The difference between W and a is equivalent to the difference between > and >> in Linux

JSON file storage

JSON is all called (JavaScript object Notation), JavaScript objects tags, through the combination of objects and arrays to represent data, structure concise, very structured, similar to the dictionary in Python

1. Objects & Arrays:

In JavaScript, everything is the object.

Object:

Using {} In JavaScript can be understood as a dictionary in Python with key values.

Array:

Using [] in JavaScript can be understood as a list in Python.

2. Read JSON

We can call the loads () method of the Python JSON library to convert the JSON text into a JSON object and use the dumps () method to convert the JSON object to a text string.

Use the Get () method to get the value after the name of the key, and if there is no value, return none, typically customizing a default value in case none is returned

In the JSON string, double quotation marks are used, otherwise an exception is thrown.

3. Output JSON

Call the Dumps () method to convert the JSON object to a text string.

Import Jsondata = [{' Name ': ' Infi-chu ', ' sex ': ' Male ', ' birthday ': ' 2000.01.01 '}]with open (' Data.json ', ' w+ ') as F:    F.wirte (Json.dumps (data)) "wants to save the JSON format, can add a parameter, Indentwith open (' Data.json ', ' W ') as F:    F.write (Json.dumps ( data,indent=2)) "

 

CSV file storage

The CSV full name is (comma-separated values), a comma-separated value or a character-delimited value, which stores tabular data in plain text, equivalent to structured plain text.

It's more concise than Excel, and the XLS text is a spreadsheet that contains text, values, formulas, and formatting, which are not included in the CSV.

1. For example

Import Csvwith Open (' data.csv ', ' w+ ') as CF:    wirter = csv.writer (cf) ' Wirter = Csv.writer (cf,delimiter= ')    # This parameter is incremented by the delimiter "'    wirter.wirterow ([' id ', ' name ', ' age '])    # writerows is written to multiple lines at the same time, Writerow is a single-line write    Wirter.wirterow ( [' 1 ', ' infi ', +])    Wirter.wirterow ([' 2 ', ' Chu ', 23])
# Dictionary Way of writing send import Csvwith open (' Data.csv ', ' W ') as f:    fieldname = [' id ', ' name ', ' age ']    wirter = csv. Dictwriter (F,filednames=filename)    # Dictwriter () method Initializes a dictionary write object    wirter.writheader ()    # Writheader () Method Write header information    wirter.wirterows ({' id ': ' 1 ', ' name ': ' N1 ', ' age ': ' 1},{' id ': ' 2 ', ' name ': ' N2 ', ' age ': ' 2},{' id ': ' 3 ', ' Name ': ' N3 ', ' Age ': 3})

2. Read

# read CSV file via CSV Library import Csvwith open (' Data.csv ', ' R ', encoding= ' utf-8 ') as f:    reader = Csv.reader (f)    # Reader () Method facilitates the content of each line for    I in render:        print (ROW) # Read through Pandas import pandas as Pddf = Pd.read_csv (' data.csv ') print (DF)

Python3 Crawler (eight) txt, JSON, CSV for data storage

Contact Us

The content source of this page is from Internet, which doesn't represent Alibaba Cloud's opinion; products and services mentioned on that page don't have any relationship with Alibaba Cloud.
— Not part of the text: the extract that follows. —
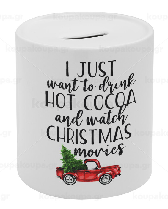 I just want to drink hot cocoa and watch christmas movies pickup car, Κουμπαράς πορσελάνης με τάπα
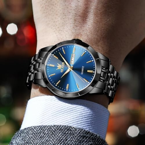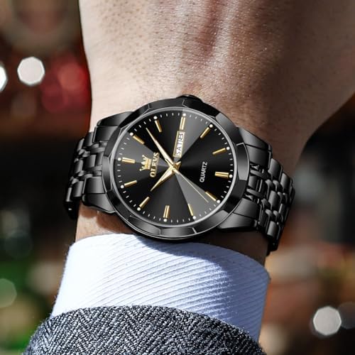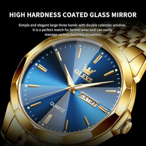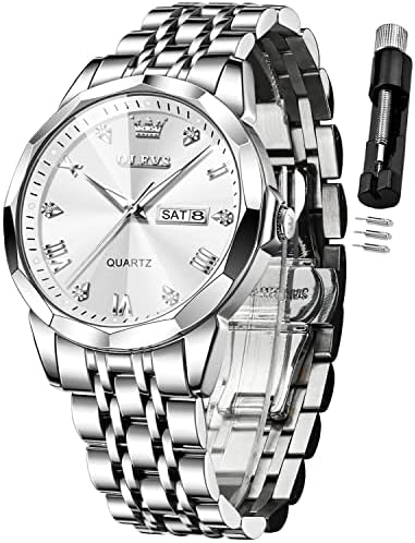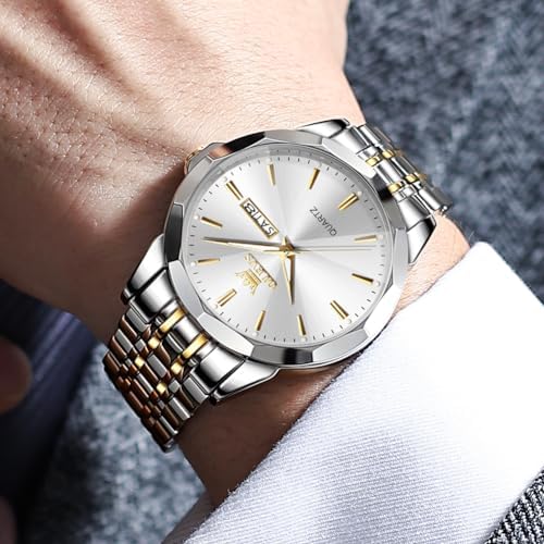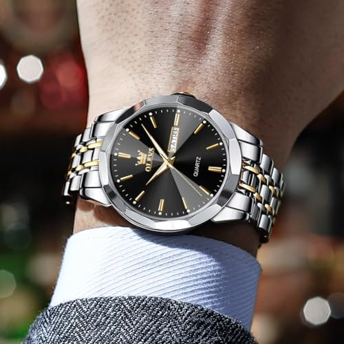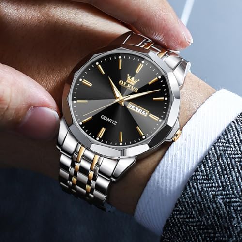 OLEVS Watch for Men Diamond Business Dress Analog Quartz Stainless Steel Waterproof Luminous Date Two Tone Luxury Casual Wrist Watch

If the content of the page makes you feel confusing, please write us an email, we will handle the problem within 5 days after receiving your email.

If you find any instances of plagiarism from the community, please send an email to: info-contact@alibabacloud.com and provide relevant evidence. A staff member will contact you within 5 working days.

A Free Trial That Lets You Build Big!

Start building with 50+ products and up to 12 months usage for Elastic Compute Service

  • Sales Support

    1 on 1 presale consultation

  • After-Sales Support

    24/7 Technical Support 6 Free Tickets per Quarter Faster Response

  • Alibaba Cloud offers highly flexible support services tailored to meet your exact needs.